Picture this: a rich, creamy smoothie that actually fits your keto lifestyle without tasting like a tropical salad dressing. This keto smoothie recipe packs healthy fats and protein into every sip, delivering satisfaction without a sugar rush or carb overload. It’s a low-carb, high-flavor powerhouse made for anyone sick of bland, guilt-ridden snacking. The ingredients blend to perfection for a drink so velvety, you’ll forget it’s keto-approved. No hidden sugars, no surprise carb crashes, just pure indulgence that fits your macros.

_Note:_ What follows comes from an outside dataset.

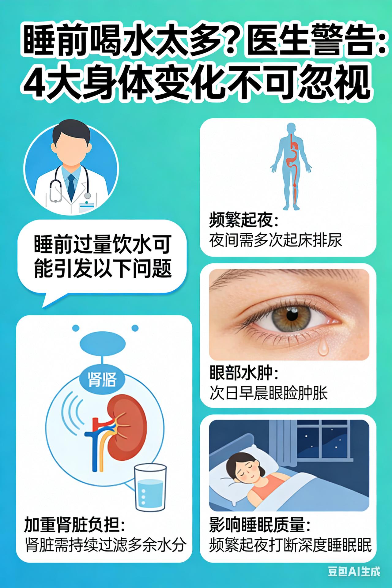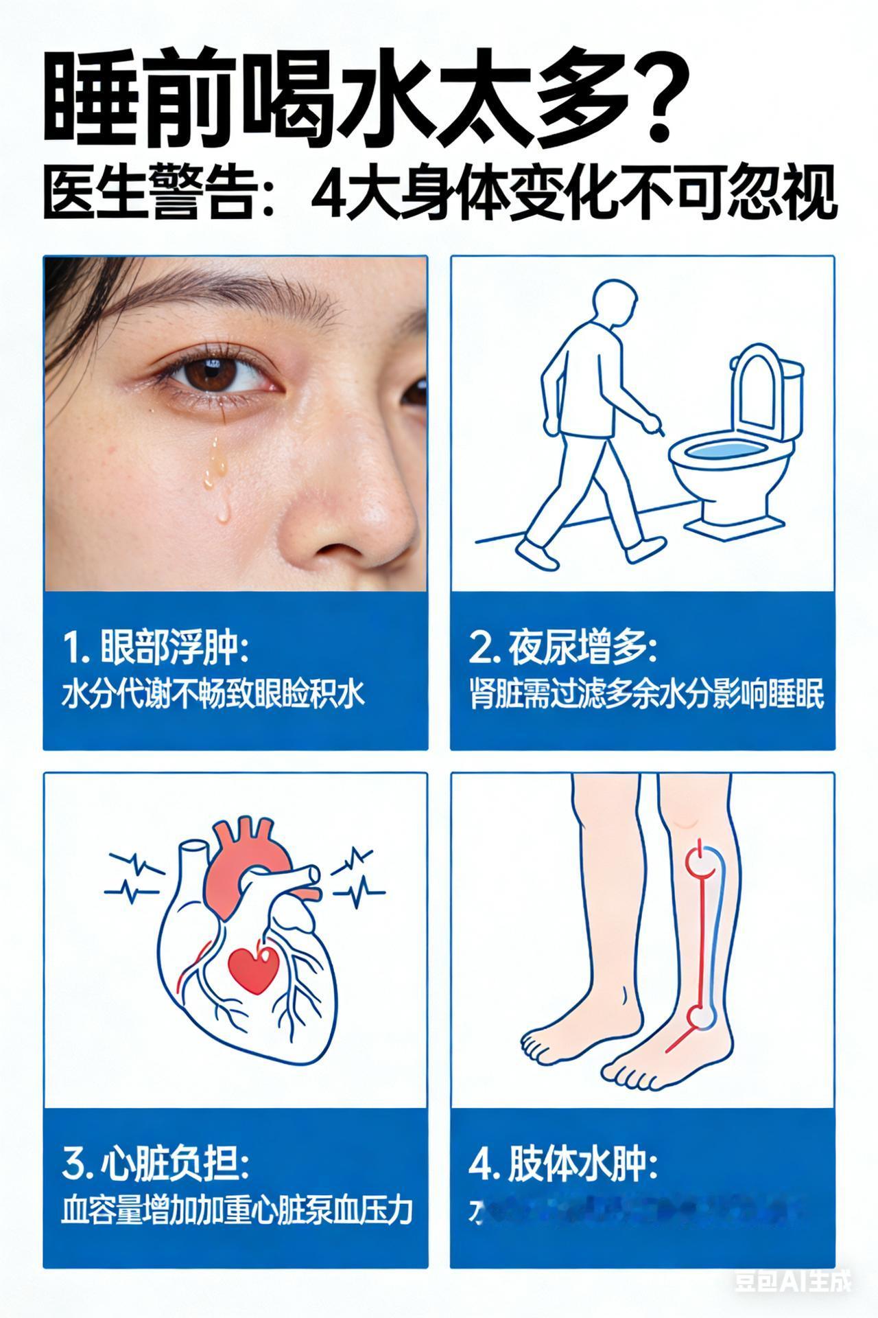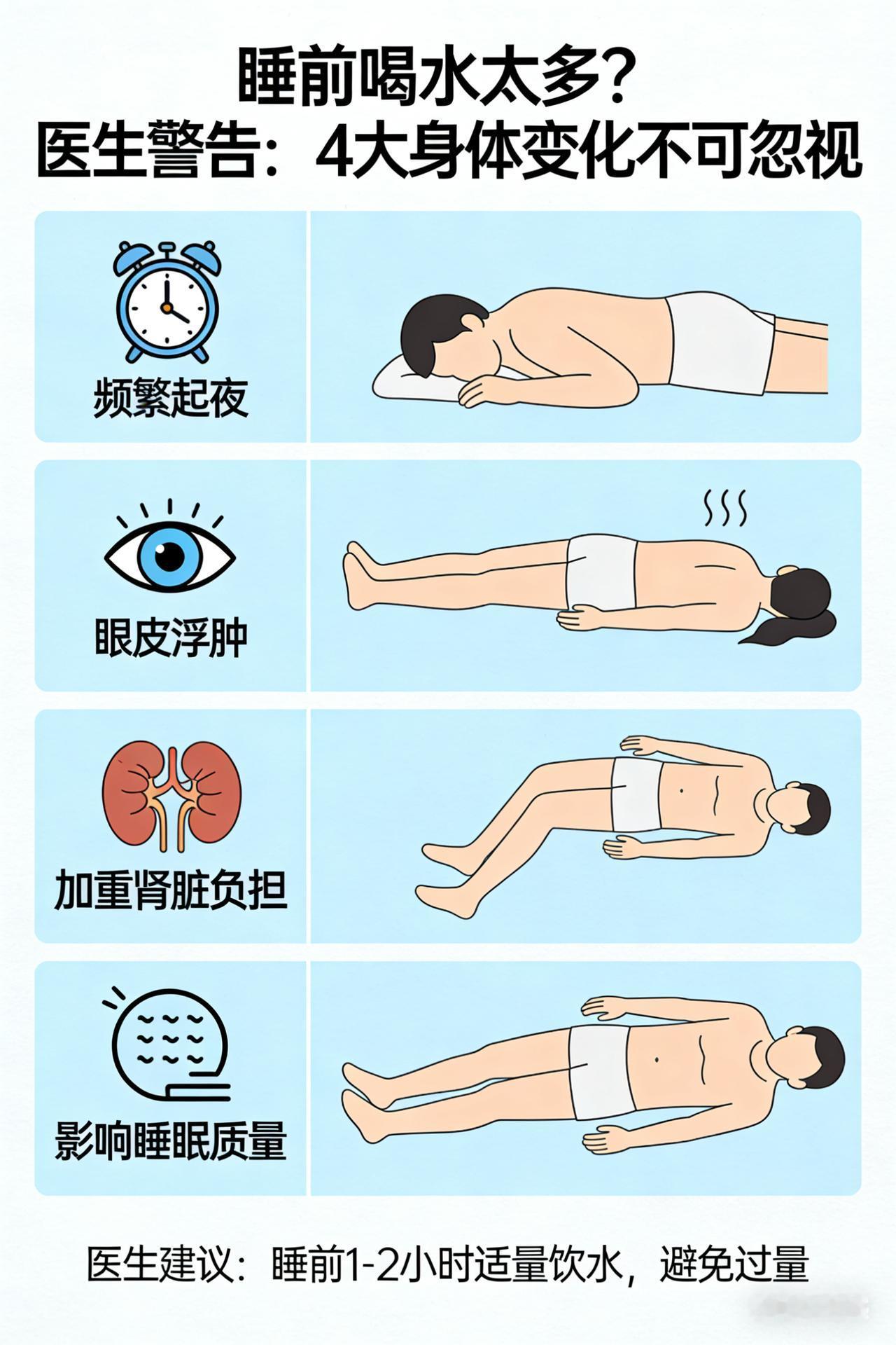 睡前喝水太多?医生警告:4 大身体变化不可忽视 哈佛惊爆发现:睡前豪饮,数月后身体或遭4大“灭顶之灾”! 在追求健康养生的漫漫征途中,我们总是不遗余力地探寻各种看似有益的习惯,睡前喝上一大杯水,便是许多人笃信不疑的“健康秘籍”,觉得这样既能给身体“解渴”,又能促进新陈代谢,让身体焕发出勃勃生机。然而,哈佛大学公共健康学院一项具有划时代意义的重磅研究,却如同一颗投入平静湖面的巨石,激起了千层浪,彻底颠覆了我们以往对睡前饮水的认知。该研究对1.5万人进行了长达6个月的深度追踪,结果令人瞠目结舌、后背发凉:睡前每次饮水量达到或超过350毫升的人群,超过四成在短短2个月内就出现了不同程度的健康问题。这一惊人的发现,无疑为我们敲响了健康警钟,让我们不得不重新审视睡前饮水 夜晚,本应是身心彻底放松、悠然沉浸于酣甜美梦的绝佳时刻。想象一下,你正悠然自得地穿梭在五彩斑斓、如梦如幻的梦境之中,与仙女翩翩起舞,和精灵嬉戏玩耍,仿佛置身于一个世外桃源般的仙境。然而,突然间,一阵如汹涌潮水般袭来的强烈尿意,如同一记重锤,瞬间将你从美梦中狠狠拉回残酷的现实。那种被生生打断睡眠的痛苦,就像被人从温暖的被窝里硬生生拽出来,丢进了冰天雪地之中,简直让人苦不堪言、抓狂不已。 睡前大量喝水,膀胱就像一个被不断注水的气球,迅速膨胀起来,无情地压迫着周围的神经和组织,仿佛在发出痛苦的呻吟。这直接导致夜间频繁起夜,深度睡眠被一次次无情地打断,如同美妙的乐章中突然插入刺耳的噪音。哈佛大学流行病学数据显示,这类人群夜间醒来的次数平均增加了69%,深度睡眠时间大幅缩短,最高可达40%。长期处于这样的状态,第二天你会感觉精神萎靡不振,仿佛被抽走了灵魂,哈欠连天,注意力难以集中,工作效率如同坐滑梯般直线下降。更可怕的是,还可能引发睡眠紊乱综合征,让你的夜晚不再有宁静的睡眠,白天也被疲惫和困倦紧紧缠绕,生活陷入无尽的恶性循环,仿佛陷入了一个无法挣脱的黑暗漩涡。 肾脏,作为我们身体的“净化工厂”,默默地承担着过滤血液、排除废物的重要使命。它就像一位忠诚无比的守护者,日夜不停地为我们守护着身体的健康防线,不辞辛劳,毫无怨言。夜间,本是肾脏的“休养生息”时段,它可以进行自我修复和调整,为第二天的工作养精蓄锐,就像一位战士在战斗间隙进行短暂的休整,以便更好地迎接新的挑战。 然而,睡前大量饮水却如同一场突如其来的狂风暴雨,打破了这份宁静与和谐。肾脏被迫超负荷运转,就像一位疲惫不堪的战士,在战场上连续奋战数小时,却得不到片刻的喘息。研究发现,在50岁以上的参与者中,超过七成出现了晨起面部或下肢浮肿的情况,尿蛋白定量也有轻度升高。这表明肾脏的滤过功能已经受到了轻微损伤,如同精密仪器上的一个小零件出现了故障,虽然看似微不足道,但却可能引发一系列严重的后果。如果不及时调整,肾脏可能会逐渐失去“战斗力”,引发更严重的肾脏疾病,如肾炎、肾衰竭等,让我们的健康岌岌可危,仿佛一座大厦即将崩塌。 心脏,是我们身体的“发动机”,它如同一个不知疲倦的鼓手,源源不断地为全身输送血液和氧气,维持着身体的正常运转,让我们的生命之花得以绚烂绽放。睡前大量喝水会导致血容量在短时间内急剧增加,心脏就像一个被过度充气的气球,承受着巨大的压力,仿佛随时都会爆炸。对于高血压、心力衰竭等基础疾病患者来说,这种风险更是成倍增加,如同在悬崖边上行走,稍有不慎就会坠入万丈深渊,粉身碎骨。 曾经有一位68岁的张大爷,因为睡前喜欢喝浓茶,结果夜间突发胸闷气喘,仿佛有一块大石头压在胸口,让他喘不过气来。家人紧急将他送往医院,诊断为急性心衰发作。而罪魁祸首,正是睡前过量饮水。这一惨痛的案例为我们敲响了警钟,提醒我们睡前大量饮水对心血管系统的潜在危害不容小觑,就像一颗隐藏在身边的定时炸弹,随时可能爆炸,给我们带来灭顶之灾。 电解质,是我们身体维持正常生理功能的重要物质,如钠、钾等,它们就像一群默契的舞者,在身体的舞台上和谐共舞,维持着身体的平衡与稳定,让我们的身体能够正常运转。短时间内摄入大量水分,会像一场突如其来的“洪水”一样,无情地稀释血液中的电解质,打破这种和谐与稳定,引发低钠血症。患者会出现头晕、呕吐、肌肉抽搐等症状,严重时甚至可能诱发意识模糊,危及生命。这就好比一个精密的仪器,其中的某个零件突然出现了故障,导致整个仪器无法正常运行,陷入混乱失控的状态,发出刺耳的噪音,让人心烦意乱。 哈佛团队建议,睡前饮水应控制在100毫升以内,以不产生明显尿意为标准。健康饮水,关键在于“精准时间、精准量、精准方式”,切勿盲目跟风,以免给身体带来不必要的负担。让我们从现在开始,重新审视自己的睡前饮水习惯,用科学的方式守护好我们的身体健康,让生命之花在健康的土壤中绽放出更加绚烂的光彩。

Your taste buds will thank you, and your diet will breathe a sigh of relief.

Keto Smoothie Recipe

Keto Smoothie Recipe

moka coffee pot
A delicious, low-carb smoothie designed for the keto lifestyle, combining healthy fats and protein for a filling, satisfying drink.
Prep Time 5 minutes
Total Time 5 minutes
Servings 1 serving
Calories 220 kcal

Ingredients
  

  • Unsweetened almond milk: 1 cup
  • Avocado: 1/2 peeled and pitted
  • Spinach leaves: 1/2 cup
  • MCT oil optional: 1 tbsp
  • Cocoa powder unsweetened: 1 tbsp
  • Chia seeds: 1 tbsp
  • Ice cubes: 1/2 cup
  • Stevia or monk fruit sweetener: 1/2 tsp optional

Instructions
 

  • Scoop the avocado into the blender.
  • Pour almond milk over the avocado.
  • Add spinach, chia seeds, and unsweetened cocoa powder.
  • Drizzle MCT oil into the mix for extra keto benefits.
  • Toss in the ice cubes and optional sweetener.
  • Blend on high speed until smooth and creamy.
  • Pour into a glass and serve immediately.

Notes

Nutritional Values (Per Serving)

  • Calories: 220
  • Total Fat: 18g
  • Saturated Fat: 2.5g
  • Carbohydrates: 8g
  • Fiber: 6g
  • Protein: 4g

Vitamins and Minerals (Per Serving)

  • Potassium: 12%
  • Vitamin C: 15%
  • Calcium: 20%
  • Iron: 5%
  • Magnesium: 10%

Additional Notes/Tips

  • Add 1 tbsp of peanut butter for a nutty twist.
  • Substitute almond milk with coconut milk for a richer taste.
  • Freeze avocado for an extra thick smoothie consistency.